Origine et histoire
Le château de Pusignan, aussi appelé Chastel-Vieil, est un ancien château de terre érigé au XIIe siècle sur une motte castrale, elle-même construite sur les ruines d’un camp romain établi par Pusinius, lieutenant de Jules César. Ce camp contrôlait la voie entre Lyon (Lugdunum) et Crémieu (Crémiacum). Après la chute de Rome, les Burgondes occupèrent le site avant qu’une tour en bois, puis en galets, ne soit édifiée au Moyen Âge sous le nom de « Vieux chatel ». Trop modeste pour résister aux conflits féodaux, il fut remplacé par un château fortifié par les seigneurs de Moifond, capable d’abriter les paysans en cas d’attaque.
En 1234, le château devint un fief de la famille de Bocsozel, vassale du comte de Savoie puis du Dauphin Humbert II. En 1389, le roi Charles VI autorisa sa démolition, marquant la fin du « Vieux Chatel ». Le site joua un rôle clé lors de la bataille d’Anthon en 1430 : Alix de Varax, propriétaire, soutint le prince d’Orange contre le Dauphiné. Le château, occupé par une garnison orangiste, fut pris par les troupes delphinales dirigées par Rodrigue de Villandrando, un capitaine de routiers. Cette victoire sauva le Dauphiné d’une invasion bourguignonne.
Confisqué par Charles VII après la trahison d’Alix de Varax, le château fut offert à Villandrando avant d’être acheté en 1450 par Aymar de Poisieu, ancien lieutenant de Jeanne d’Arc et proche de Louis XI. Les siècles suivants virent le domaine passer entre les mains de familles nobles : les Costaing (dont Aymar, lieutenant général de la fauconnerie sous Louis XIII), puis les Camus d’Arginy, qui devinrent marquis de Pusignan en 1679. Claude Costaing de Pusignan, dernier héritier, mourut en 1689 lors d’un siège en Irlande.

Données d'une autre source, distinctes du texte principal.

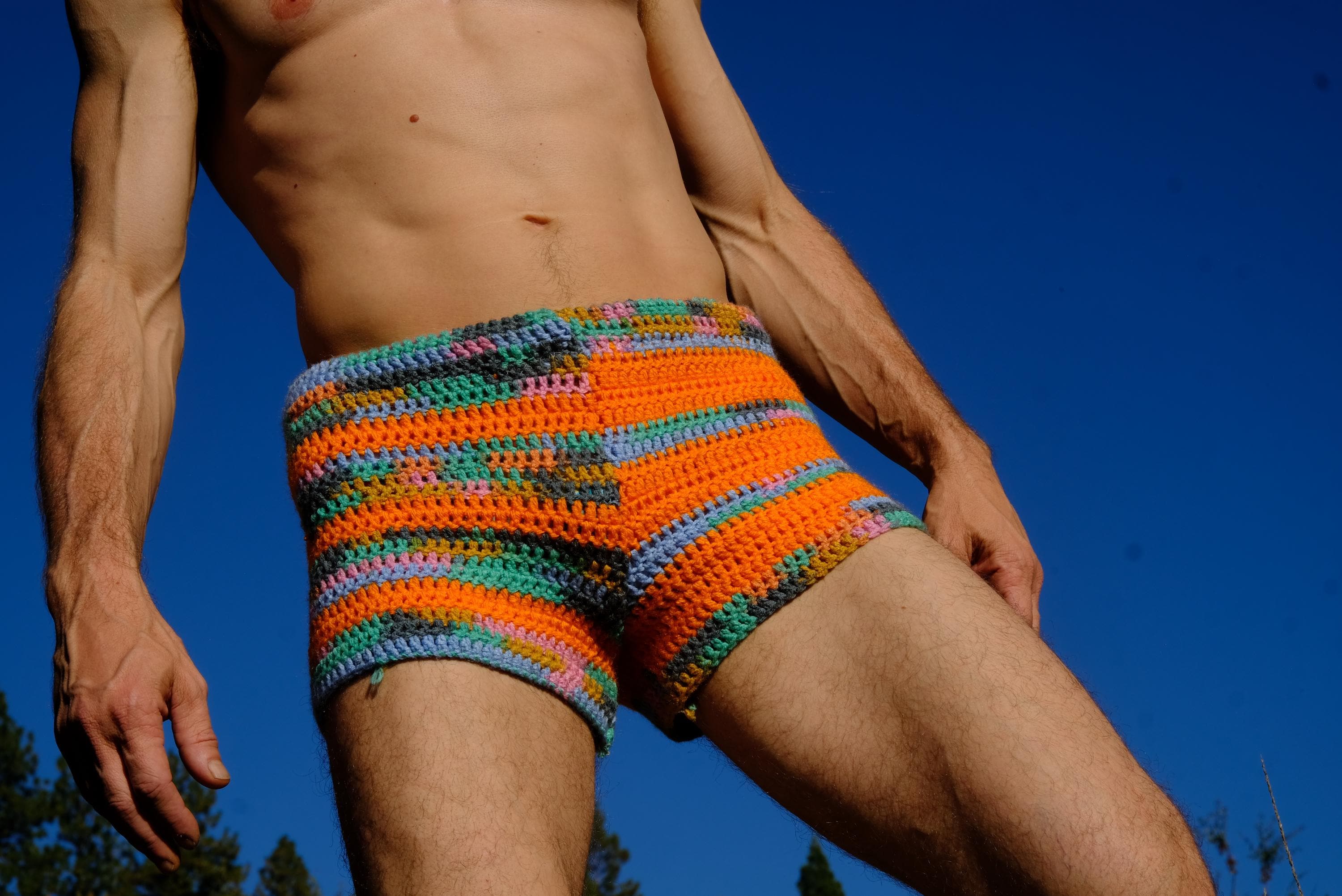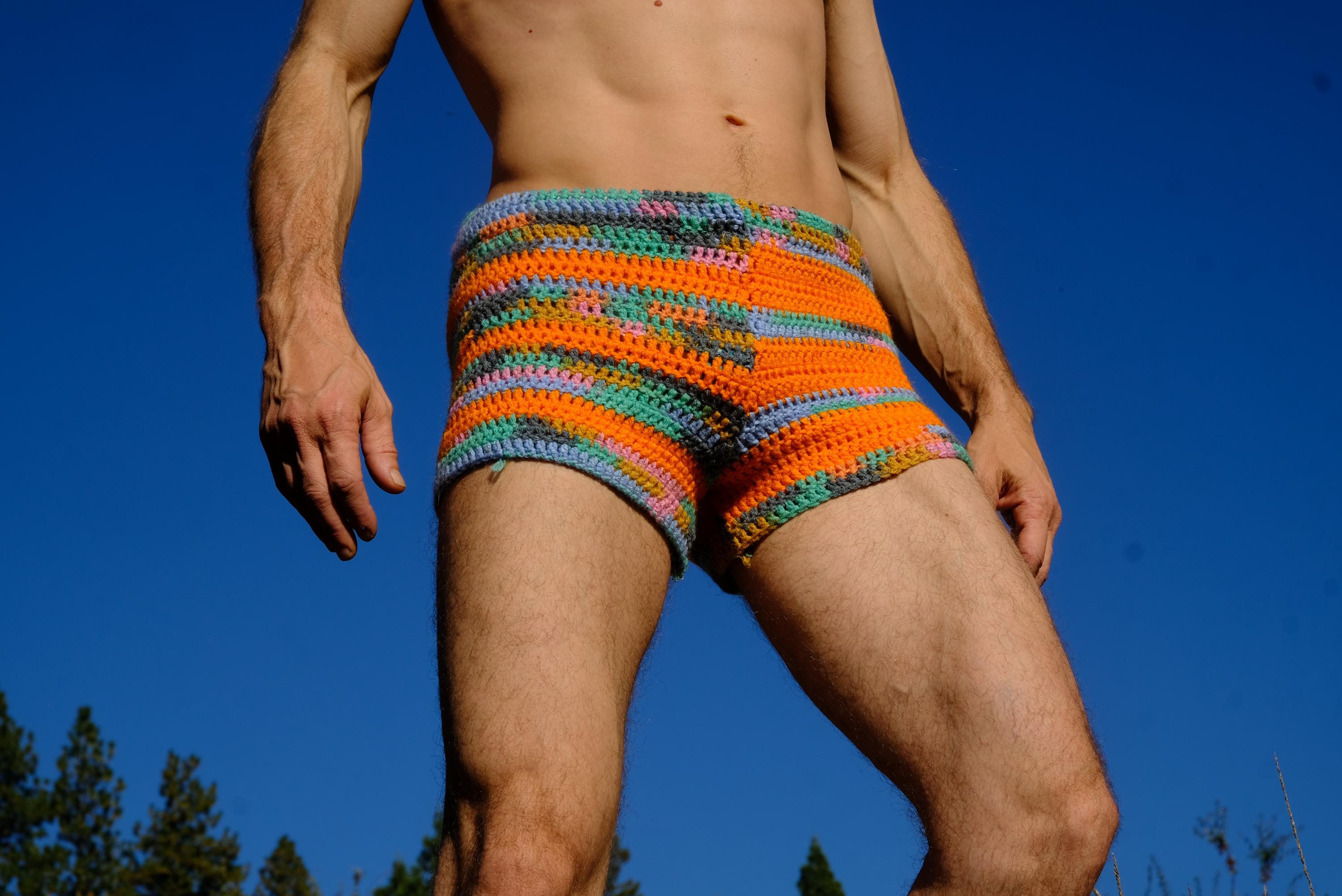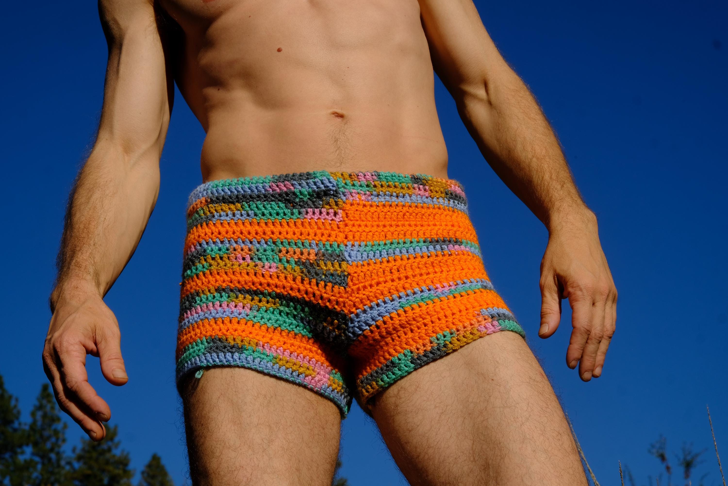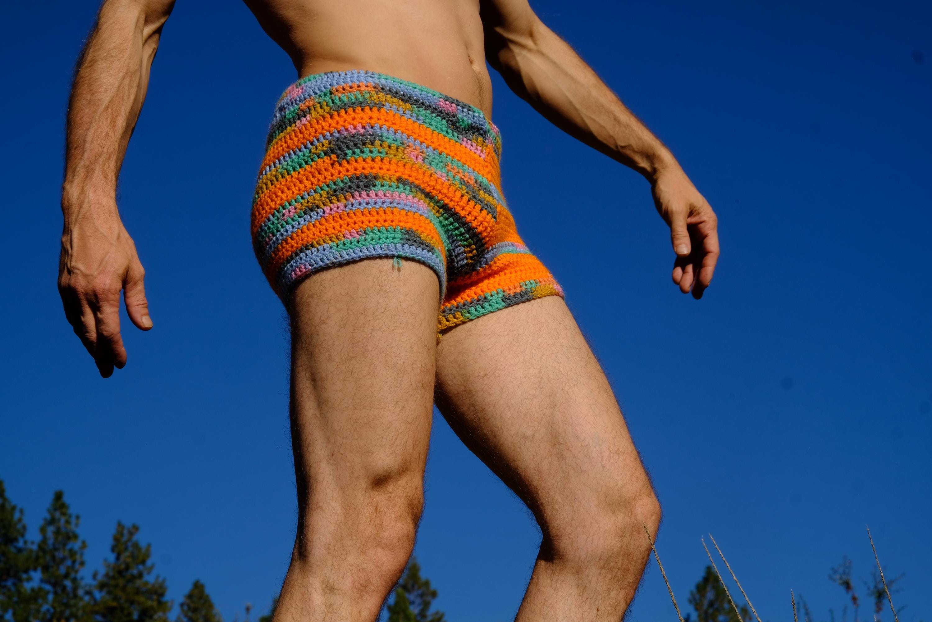 These are crochet shorts with orange stripes. Repurposed from a vintage afghan blanket crocheted in 100% acrylic yarn.

Le château, vendu à plusieurs reprises, fut finalement pillé et incendié le 29 juillet 1789 par des brigands et des paysans révoltés.
Aujourd’hui, il ne reste du château médiéval que des vestiges de murs et de tours, témoins silencieux de son histoire mouvementée, liée aux luttes féodales, aux stratégies militaires et aux bouleversements de la Révolution. Sa position dominante près de Lyon-Saint Exupéry rappelle son importance passée dans la défense du territoire dauphinois.